An earlier decision by the United States Supreme Court described the phrase in similar terms. "`Pursuant to' is defined as `acting or done in consequence or in prosecution (of anything); hence, agreeable; conformable; following; according.'" (Emphasis added.) Old Colony Trust Co. v. Comm'r of Internal Revenue, 301 U.S. 379, 383, 57 S.Ct. 813, 81 L.Ed. 1169 (1937) [Citing Webster's New International Dictionary, Unabridged (2d ed. 1935)] ("The words of the statute [i.e., "pursuant to"] are plain and should be accorded their usual significance in the absence of some dominant reason to the contrary.").
Our determination that the uncontroverted contents of Taylor's September 3 letter timely satisfy the statutory requirements for withdrawal now leads us to Kobach's clearly defined duty imposed by the law. Kobach's attorney admitted at oral arguments that if the letter was held to comply with the statute, Kobach would have no discretion. This admission is consistent with the plain language of the last sentence of the statutory subsection: "No name withdrawn as provided in this section shall be printed on ballots for such office for the general election." K.S.A. 25-306b(b). Accordingly, the issuance of a writ of mandamus is appropriate. See Slusher, 279 Kan. 789, Syl. ¶ 4, 112 P.3d 131 ("Mandamus is a proceeding designed for the purpose of compelling a public officer to perform a clearly defined duty, one imposed by law and not involving the exercise of discretion."); see State v. Becker, 264 Kan. 804, 807, 958 P.2d 627 (1998).

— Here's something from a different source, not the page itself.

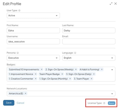 A user's License Type is based on the System Role or Roles assigned to them. Each System Role in your organization has a predefined License Type, determined by the permissions included in that Role.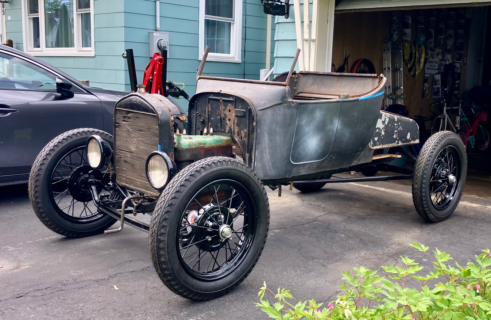 Mocked up my a powered t roadster a little more. It’s nearly 50/50 model a and model t. Model a engine and trans. Model t rear axle. Model a front axle and steering box.

With this determination, we need not consider the parties' numerous other arguments. Nor do we need to act on Kobach's allegation that a ruling for Taylor would require the Kansas Democratic Party State Committee to name his replacement nominee per K.S.A. 25-3905. The Kansas Democratic Party is not a party to this original action, and this court does not issue advisory opinions. Gannon v. State, 298 Kan. at 1119, 319 P.3d 1196.
Before closing, however, we do address the issue of Kobach's late filing of the supplemental affidavit that attached additional letters of withdrawal from other candidates. Our order of September 11 was clear: additional briefing was due at noon, and the court would not extend the deadline. While we have not considered the affidavits and attachments in reaching our decision, we regard their filing as Kobach's attempt to meet any ethical obligation under the Kansas Rules of Professional Conduct.
Taylor's petition for writ of mandamus is granted, and Kobach is ordered to comply with his clearly defined duty imposed by K.S.A. 25-306b(b). He shall not include Taylor's name on any ballots for the office of United States Senate for the general election on November 4, 2014.
MICHAEL J. MALONE, Senior Judge, assigned.